This poem was commissioned by Nsfwords.  It also fills the "vulnerable" square in my 1-1-17 card for the Dark Fantasy Bingo fest. It belongs to the series A Conflagration of Dragons, and this is the last of the Six Poems of the Fall.  \o/

Warning: This poem describes a dragon attack in graphic detail.  If this is touchy territory for you, please consider your tastes and headspace before reading onward.

"The Harrowing of Hildeburh"

When the wolf-weather     reached the ridge land
And the north wind wailed in     to spread winter's blanket wide,
Hildeburh held full many     of sword polishers and brooch bearers,
Their loin-fruit fallen     hard on hungry times.
The givers of gold     had little left to share;
Even the rune-callers could not     keep the city safe for long.

Then the bane of ages brought     doom to the halls of Hildeburh:
Ingeld the color of ingach     spat forth the spark-fury,
His yellow breath bearing down     on the mountain's might
Where the Eofor huddled in hope     that the stone would stand strong.
Their allies, the subtle Shu and     the wise Hachi, huddled with them
But the flame paled into power     and ripped the rock apart.

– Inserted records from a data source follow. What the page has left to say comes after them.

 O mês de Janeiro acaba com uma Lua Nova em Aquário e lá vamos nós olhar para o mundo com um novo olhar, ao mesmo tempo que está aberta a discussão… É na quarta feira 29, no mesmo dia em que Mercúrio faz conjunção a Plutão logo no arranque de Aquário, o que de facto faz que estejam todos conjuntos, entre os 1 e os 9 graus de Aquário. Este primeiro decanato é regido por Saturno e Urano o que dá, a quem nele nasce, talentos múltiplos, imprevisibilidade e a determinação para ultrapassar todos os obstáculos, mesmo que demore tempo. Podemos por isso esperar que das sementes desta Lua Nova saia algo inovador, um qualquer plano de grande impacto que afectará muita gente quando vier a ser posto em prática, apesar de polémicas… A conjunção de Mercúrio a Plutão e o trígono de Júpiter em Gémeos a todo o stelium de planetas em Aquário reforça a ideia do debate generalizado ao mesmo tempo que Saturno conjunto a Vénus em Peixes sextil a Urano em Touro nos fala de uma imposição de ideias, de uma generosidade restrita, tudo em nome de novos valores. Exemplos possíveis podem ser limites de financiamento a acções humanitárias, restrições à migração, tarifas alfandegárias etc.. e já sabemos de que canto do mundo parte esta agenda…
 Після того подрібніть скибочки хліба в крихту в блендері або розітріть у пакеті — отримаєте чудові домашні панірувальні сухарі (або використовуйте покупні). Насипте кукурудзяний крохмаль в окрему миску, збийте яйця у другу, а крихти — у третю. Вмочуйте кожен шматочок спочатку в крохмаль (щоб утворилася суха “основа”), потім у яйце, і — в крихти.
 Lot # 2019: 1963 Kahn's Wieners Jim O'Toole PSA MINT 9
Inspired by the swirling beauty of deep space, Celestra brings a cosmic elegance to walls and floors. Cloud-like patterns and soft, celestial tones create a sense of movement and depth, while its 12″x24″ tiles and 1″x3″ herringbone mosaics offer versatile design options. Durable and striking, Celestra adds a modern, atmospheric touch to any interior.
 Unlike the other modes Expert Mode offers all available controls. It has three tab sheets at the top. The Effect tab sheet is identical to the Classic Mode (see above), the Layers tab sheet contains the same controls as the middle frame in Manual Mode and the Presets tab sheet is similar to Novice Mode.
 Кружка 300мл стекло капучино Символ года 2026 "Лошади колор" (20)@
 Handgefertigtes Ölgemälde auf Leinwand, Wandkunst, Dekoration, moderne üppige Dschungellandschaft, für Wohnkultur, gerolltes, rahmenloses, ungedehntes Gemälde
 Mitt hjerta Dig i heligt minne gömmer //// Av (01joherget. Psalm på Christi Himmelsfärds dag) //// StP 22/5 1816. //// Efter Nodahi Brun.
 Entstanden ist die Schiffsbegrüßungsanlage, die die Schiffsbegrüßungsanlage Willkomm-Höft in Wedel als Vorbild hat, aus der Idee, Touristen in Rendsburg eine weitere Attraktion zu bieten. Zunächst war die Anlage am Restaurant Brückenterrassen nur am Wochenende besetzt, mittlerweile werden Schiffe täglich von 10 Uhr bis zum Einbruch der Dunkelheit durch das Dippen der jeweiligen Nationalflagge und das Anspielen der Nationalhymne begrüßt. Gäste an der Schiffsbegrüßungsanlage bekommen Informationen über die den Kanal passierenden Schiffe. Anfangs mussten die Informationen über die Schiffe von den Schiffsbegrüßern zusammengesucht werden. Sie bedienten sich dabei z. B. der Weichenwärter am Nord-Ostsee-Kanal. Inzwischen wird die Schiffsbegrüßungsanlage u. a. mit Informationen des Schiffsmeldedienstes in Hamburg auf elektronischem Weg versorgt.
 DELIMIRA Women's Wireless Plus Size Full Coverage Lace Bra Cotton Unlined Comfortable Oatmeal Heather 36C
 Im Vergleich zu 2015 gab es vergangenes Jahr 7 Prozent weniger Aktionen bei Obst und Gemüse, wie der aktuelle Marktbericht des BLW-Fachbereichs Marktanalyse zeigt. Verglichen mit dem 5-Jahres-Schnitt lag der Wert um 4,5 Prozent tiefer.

Waves of Eofor warriors poured out     to deal the drake his doom, but
He slew Wiglaf, wielder of war-wrenches     and great-hearted Heorogar.
Heardred the king hacked at Ingeld     to free the last of his family
But only Yrsa his smallest sister     lived to leave that hall.
Even the unblooded undertook     their first taste of war-terror,
And the elders embraced battle     to deny the bed shame of a straw death.

Yugiri, a young Hachi,     snatched up his slingshot and
Gladly saved Ukon the orphan girl     but fell before her very face.
Sekhet of the Shu saw her chance,     aiming iron darts at the dragon
To spare the brave bard Astennu     before drawing a noble death.
Ingeld flame-farewelled them all     and opened his maw for more,
Spilling the dew of deep wounds     as refugees ran for their lives.

The vaults proved vulnerable     to Ingeld's bold ingress
As he broke the battle wall     to gobble gold and iron,
Licking over lithium ingots     and bright bismuth crystals.
He coiled on his cruel spoils     dreaming of dragons to court
With his ill-got wealth     to draw the hens hither
And here mate mightily,     then feed the hatchlings this hoard.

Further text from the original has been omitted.